Banks and the future of work

December 2, 2017

Finance industry workers are facing increasing pressure as banks seek to maximise their already hefty profits. Our jobs are becoming increasingly precarious, and all the while our wages and conditions are being threatened with cuts.

These days, if you walk into a bank, you’ll find very few staff and a lot of ATMs, which not only give cash but do almost everything a teller can do. You will also find a concierge, whose job is to shift customers to self-service via online banking. Tellers have performance targets for shifting customers online.

These measures go hand-in-hand with the banks’ move to close down as many branches as possible. Almost every month, banks announce another round of branch closures and job cuts. Hardest hit are regional and rural communities where job opportunities are few and far between.

The same is happening in the banks’ call centres. Every statement by call centre staff is recorded. Any deviation from the call centre script, even forgetting to say “thank you” or “hello” could be considered a breach of policy and result in performance management, or being placed on a black list.

Call centre workers are in constant fear of losing their jobs offshore where workers are paid a fraction of the Australian wage.

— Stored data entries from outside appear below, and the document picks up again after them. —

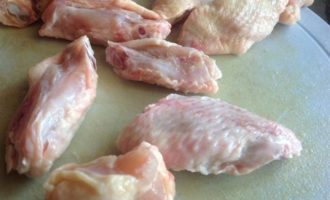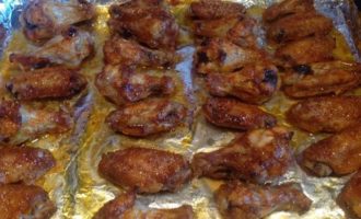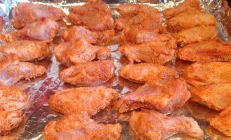 Выложите крылышки на противень застеленный фольгой и смазанный растительным маслом. Поставьте в духовку на 20 минут.
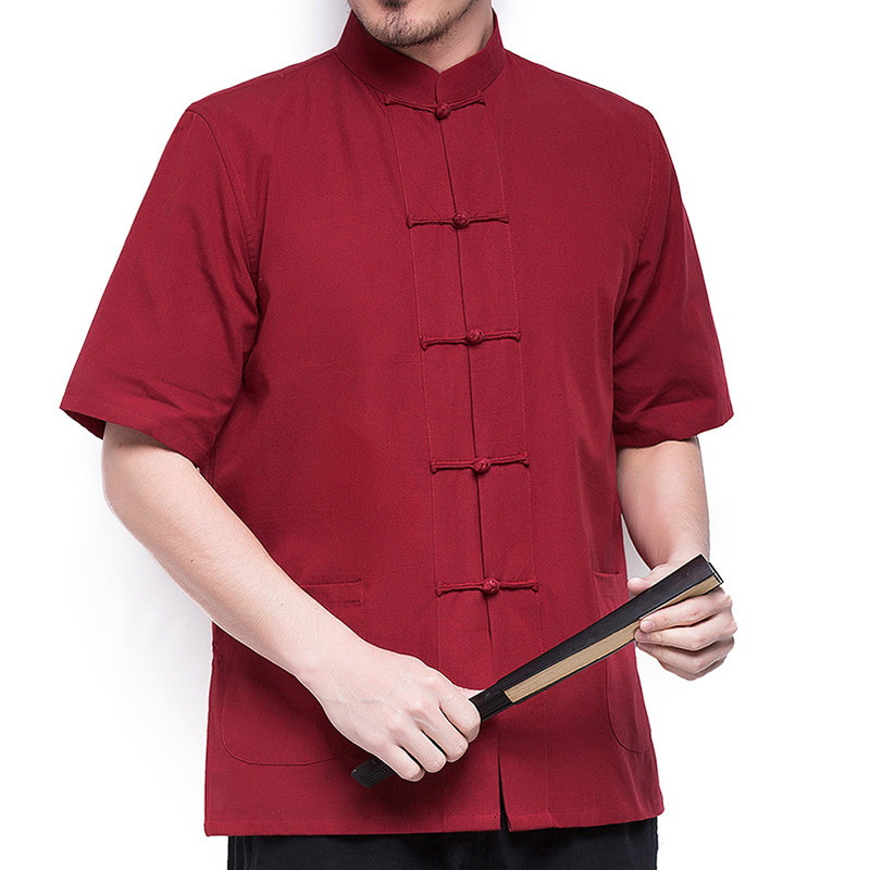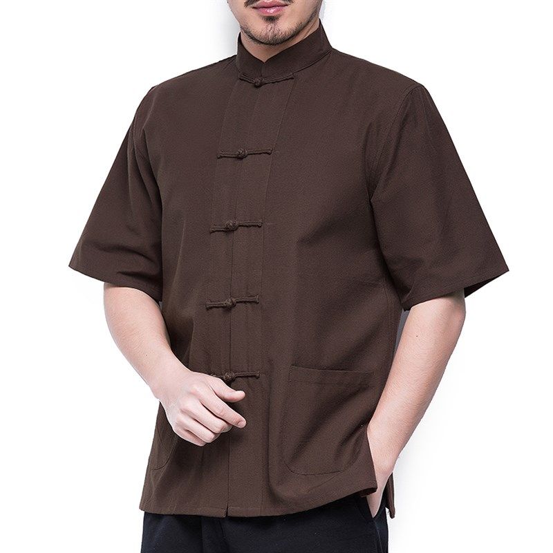 中国风纯棉老粗布男唐装男装短袖中式夏季中老年衬衣打底衫居士服
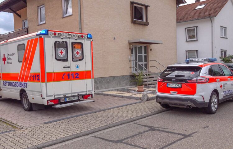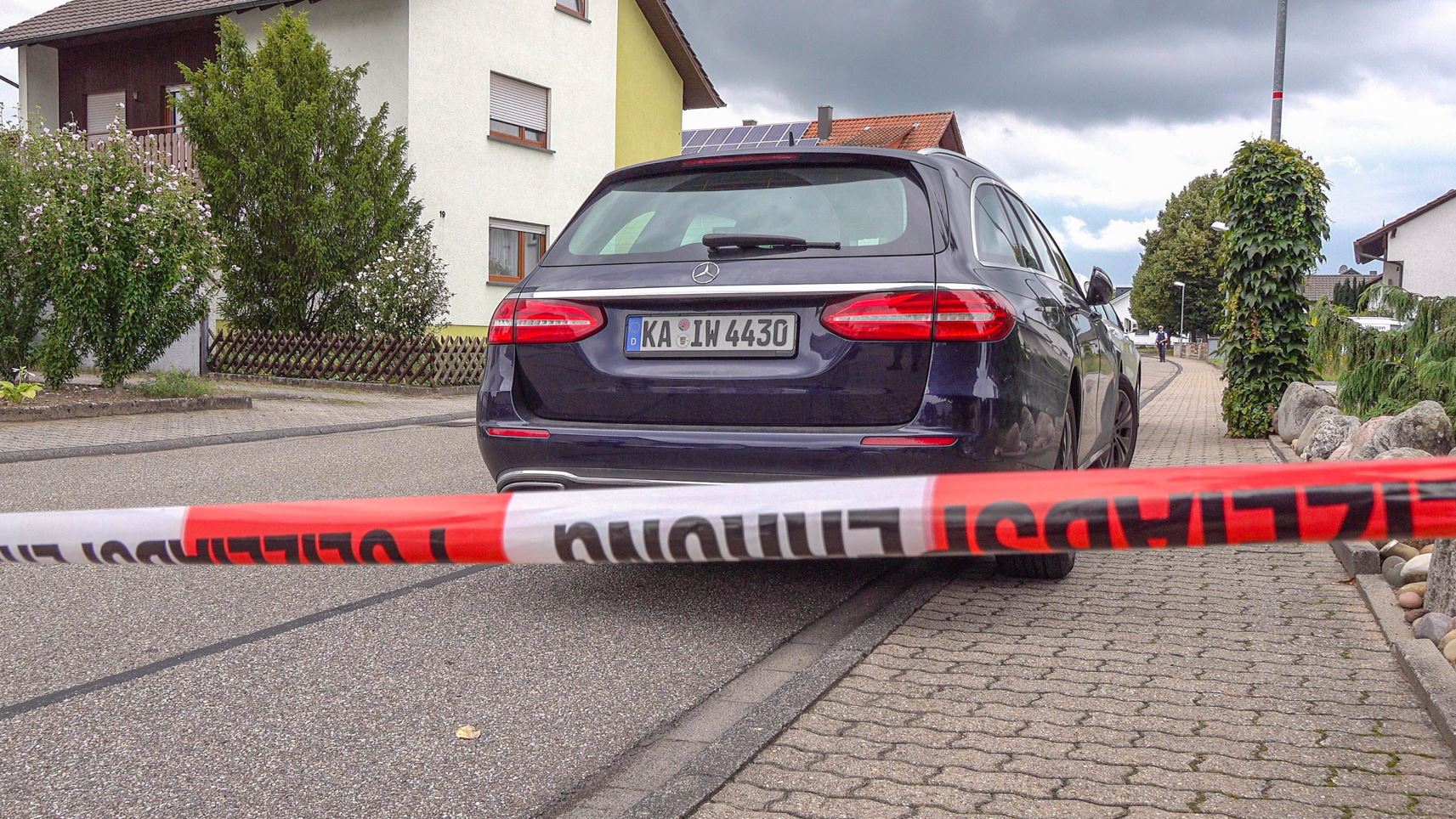 Der Enkel der Getöteten lässt sich widerstandlos festnehmen und wird von der Polizei mitgenommen.
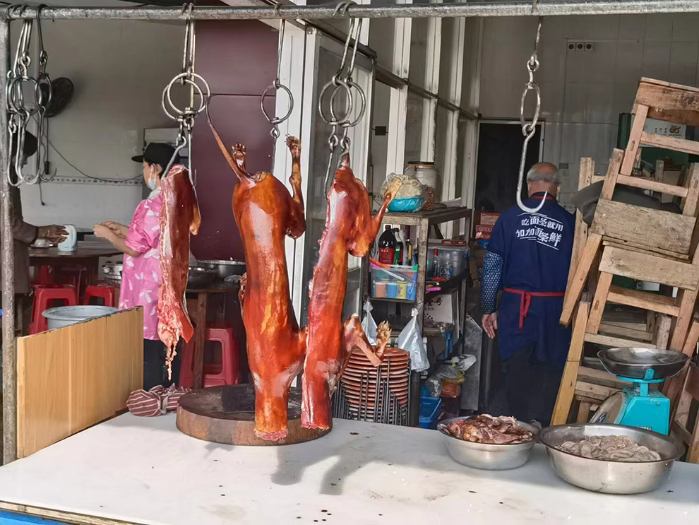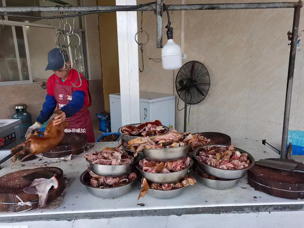 我对狗肉没有食欲,记录完就走了,因为一看到狗,就会想起它的两副面孔:温顺和凶残!
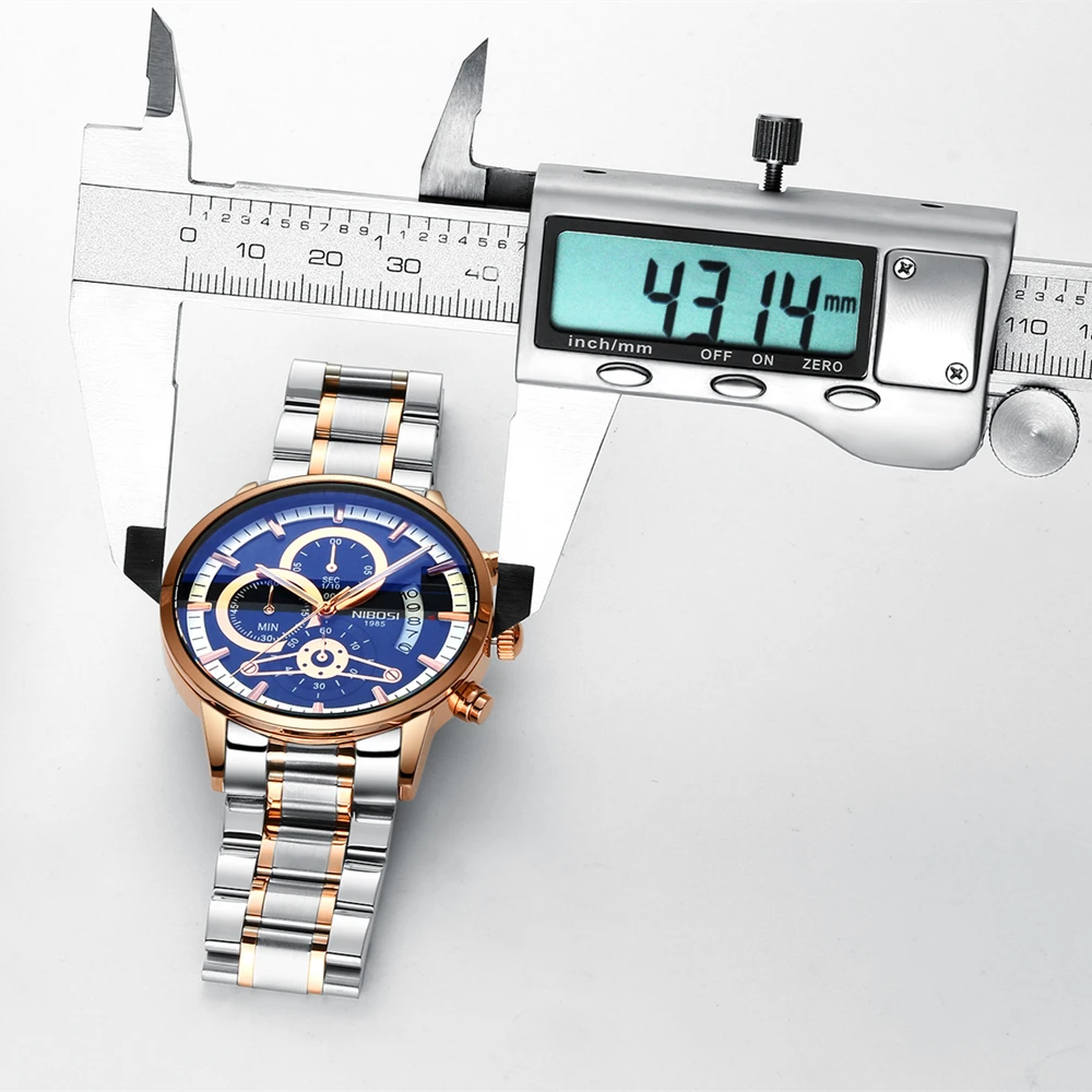 -1 x часы NIBOSI-1 x коробка NIBOSI-1 Инструкция-1 х ткань для чистки часов-1 гарантийный талон-1 инструмент для регулировки ремешка

The same trend is happening in the back offices, which provide support for the frontline staff. When it comes to outsourcing, no area has been hit harder than information technology. It is not that the work is not there. The problem is that the banks see back office staff as an expense and not a revenue earner like the front office staff. So these jobs are always on the line.

Jobs

The National Australia Bank (NAB) announced recently it would sack 6000 workers despite also revealing a $5.3 billion profit. These jobs are defined broadly enough to include multiple job types in a single role, which means up to 8000 people could lose their jobs.

NAB said it will add 2000 new jobs in its “digital” area, and promised to redeploy as many of these people as possible. But it is always cheaper to hire new staff with the relevant skills than to retrain people.

ANZ Bank has announced it will restructure its Australian Division into smaller units that would operate as small “start up” companies. ANZ said it would be adopting “Agile” methods to form tribes, made of squads, which are made of scrum teams.

Many large multinationals have embraced the Agile concept as the future of work. In fact, it is just another new way to exploit workers.

Using concepts such as daily “stand ups”, time boxing, showcasing and visual boards, Agile monitors workers every second of the day. Their output is tracked on a board, which shows where people are up to compared to others.

These corporate transformations are pushing workers to the limits, without adequate training or time to adapt. Their performance is then viewed as being “below expectations” by management, leading to performance management and, ultimately, the sack.

Future of work

Westpac recently launched an initiative called “Workforce Revolution”. It was meant to give “hope” back to staff. It invited a “futurist” in to provide a vision of what the future work would look like. That was scary.

They predicted that rather than having a single job in a company or industry, workers would have multiple jobs for which they would compete against others. So, for instance, a person might be a bank worker for one day in the week, and on the other days they might be a gardener or a delivery driver. This would be “enabled” by technology that would allow workers to “sell” their skills on a virtual market from which bosses could pick and choose the cheapest person.

Does this sound familiar? It is the gig economy where you can be an Uber driver one day, a Deliveroo person the next and an Air Tasker the following.

Gig economy workers are some of the most exploited workers in the world, without an enterprise agreement or a union to protect them.

This is apparently the future of work. We can either accept that capitalism has free reign to decide our future, or we can fight back and demand a voice in how the economy is shaped.

The Big Four banks make combined profits of about $30 billion a year. These profits come from: branch closures and staff lay-offs; increased workloads; naming and shaming “under performers”; sending jobs offshore; pushing workers onto one-year contracts; and sales-driven performance management.

The most insidious attack of all has been the introduction of the Conduct Background Check. This is essentially a black list that allows bank bosses to put any bank worker onto a register, to which other banks have access, for any breach of policy.

Being on this register could mean the end of your career.

Royal commission

There has been scandal after scandal in the banking industry, highlighting the sales-driven, profits-at-all-costs culture, which is being driven from the top. These include: dodgy investment advice; selling loans to people who do not need them; CBA’s rejection of insurance claims for genuine cases; rigging interest rates; and money laundering.

The government’s backflip — agreeing to a royal commission into the Big Four banks — has only come about because of mounting pressure from below. The fact that the Big Four banks asked for it, to clean up the banks’ image, is revealing.

In April last year the Finance Sector Union called for a royal commission into the industry but warned that it needed to focus on the “systemic problems caused by failed leadership of our industry”. It also said that the terms of reference must ensure that it is not allowed “to become a witch hunt that focuses on individual workers”.

Over the next year, evidence given to this commission will provide many openings for union and community campaigns to drive the point home that the banking industry must be renationalised and control of our money given back to workers and the community.